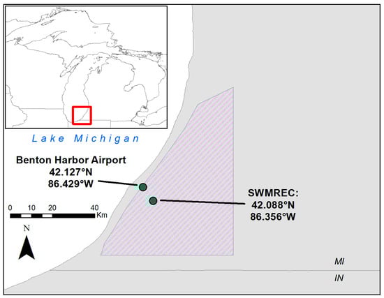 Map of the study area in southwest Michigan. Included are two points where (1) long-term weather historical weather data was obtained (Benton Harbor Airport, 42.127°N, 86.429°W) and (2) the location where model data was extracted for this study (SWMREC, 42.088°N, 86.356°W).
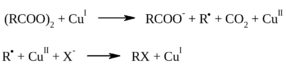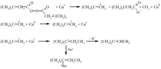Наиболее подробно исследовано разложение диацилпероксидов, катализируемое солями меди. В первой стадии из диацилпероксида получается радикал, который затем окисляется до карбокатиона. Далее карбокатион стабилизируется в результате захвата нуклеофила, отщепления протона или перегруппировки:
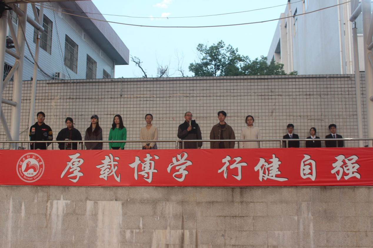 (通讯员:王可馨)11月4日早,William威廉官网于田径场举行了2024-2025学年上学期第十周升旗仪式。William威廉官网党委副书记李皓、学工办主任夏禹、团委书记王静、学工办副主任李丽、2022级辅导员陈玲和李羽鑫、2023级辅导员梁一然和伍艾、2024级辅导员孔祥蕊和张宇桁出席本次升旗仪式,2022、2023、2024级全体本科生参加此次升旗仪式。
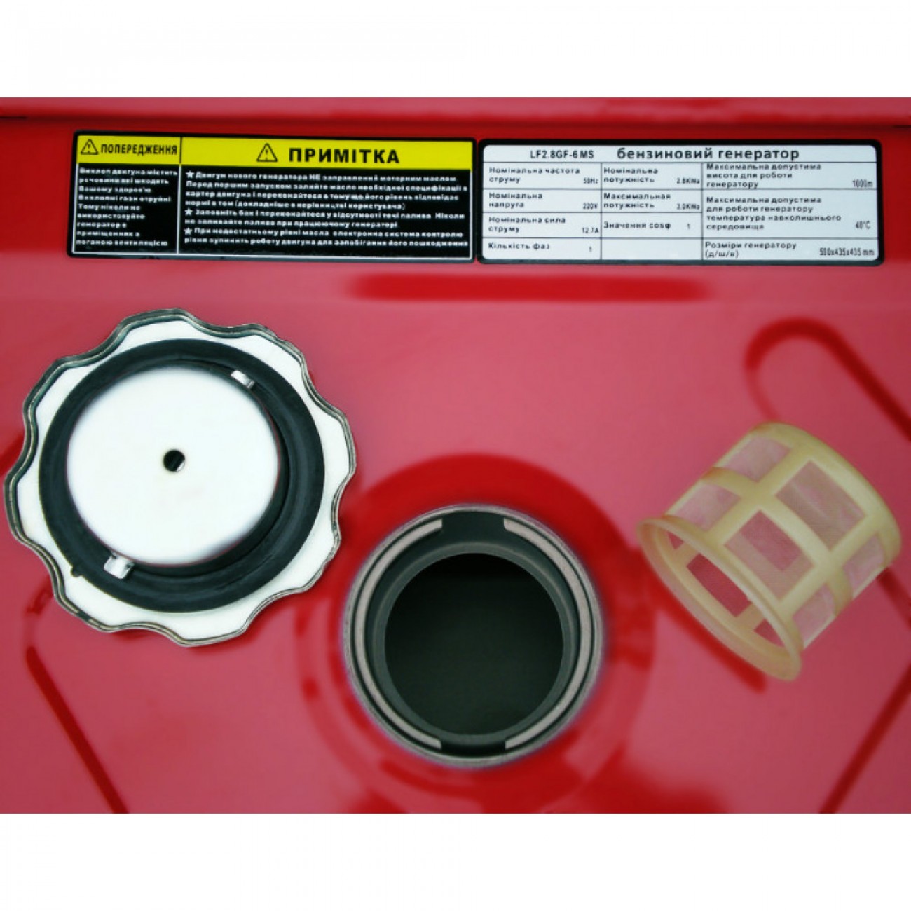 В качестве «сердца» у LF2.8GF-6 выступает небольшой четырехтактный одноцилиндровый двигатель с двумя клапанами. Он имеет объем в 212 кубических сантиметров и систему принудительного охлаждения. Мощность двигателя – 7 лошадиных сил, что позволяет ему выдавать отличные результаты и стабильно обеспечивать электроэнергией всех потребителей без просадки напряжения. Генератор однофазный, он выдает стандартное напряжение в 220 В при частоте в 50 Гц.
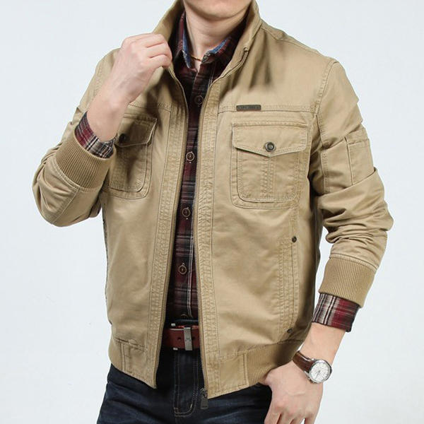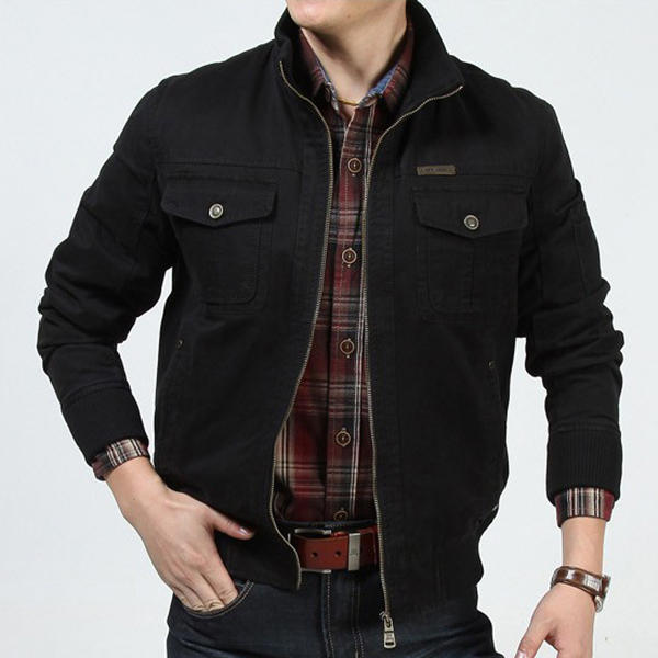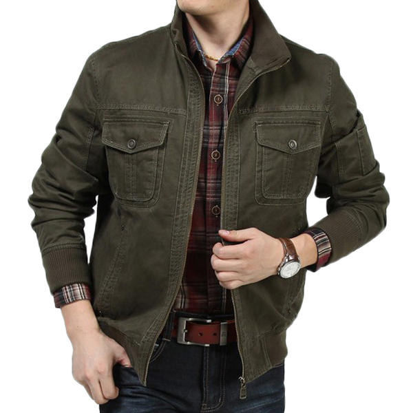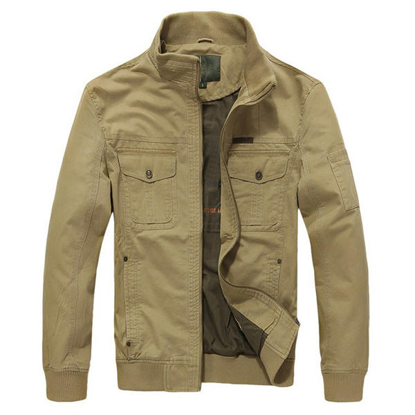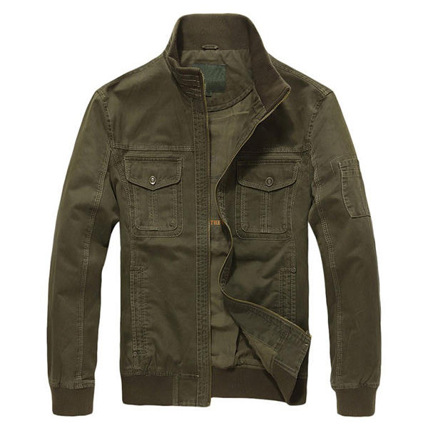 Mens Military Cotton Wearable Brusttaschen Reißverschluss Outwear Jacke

****************

- **What you will do**
With the images removed, reproduce all the material above word for word.

- **The answer**
 Map of the study area in southwest Michigan. Included are two points where (1) long-term weather historical weather data was obtained (Benton Harbor Airport, 42.127°N, 86.429°W) and (2) the location where model data was extracted for this study (SWMREC, 42.088°N, 86.356°W).
Наиболее подробно исследовано разложение диацилпероксидов, катализируемое солями меди. В первой стадии из диацилпероксида получается радикал, который затем окисляется до карбокатиона. Далее карбокатион стабилизируется в результате захвата нуклеофила, отщепления протона или перегруппировки:
 (通讯员:王可馨)11月4日早,William威廉官网于田径场举行了2024-2025学年上学期第十周升旗仪式。William威廉官网党委副书记李皓、学工办主任夏禹、团委书记王静、学工办副主任李丽、2022级辅导员陈玲和李羽鑫、2023级辅导员梁一然和伍艾、2024级辅导员孔祥蕊和张宇桁出席本次升旗仪式,2022、2023、2024级全体本科生参加此次升旗仪式。
 В качестве «сердца» у LF2.8GF-6 выступает небольшой четырехтактный одноцилиндровый двигатель с двумя клапанами. Он имеет объем в 212 кубических сантиметров и систему принудительного охлаждения. Мощность двигателя – 7 лошадиных сил, что позволяет ему выдавать отличные результаты и стабильно обеспечивать электроэнергией всех потребителей без просадки напряжения. Генератор однофазный, он выдает стандартное напряжение в 220 В при частоте в 50 Гц.
 Mens Military Cotton Wearable Brusttaschen Reißverschluss Outwear Jacke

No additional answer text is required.